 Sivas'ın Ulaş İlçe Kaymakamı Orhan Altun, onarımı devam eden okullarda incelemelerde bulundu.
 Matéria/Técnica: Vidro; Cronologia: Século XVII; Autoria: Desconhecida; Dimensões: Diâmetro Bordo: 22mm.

------------------------------------------------

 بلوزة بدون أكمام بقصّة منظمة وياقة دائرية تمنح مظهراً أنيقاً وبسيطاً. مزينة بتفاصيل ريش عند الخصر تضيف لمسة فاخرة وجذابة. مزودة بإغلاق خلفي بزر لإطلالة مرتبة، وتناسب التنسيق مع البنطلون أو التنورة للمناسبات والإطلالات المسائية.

------------------------------------------------

• [What you have to do]:
Exactly the lines above from the one with "Sivas'ın Ulaş İlçe" to the one with "Matéria/Técnica: Vidro; Cronologia: Século", both included, are to be quoted; leave the rest out.

• [Written reply]:
 Sivas'ın Ulaş İlçe Kaymakamı Orhan Altun, onarımı devam eden okullarda incelemelerde bulundu.
 Matéria/Técnica: Vidro; Cronologia: Século XVII; Autoria: Desconhecida; Dimensões: Diâmetro Bordo: 22mm.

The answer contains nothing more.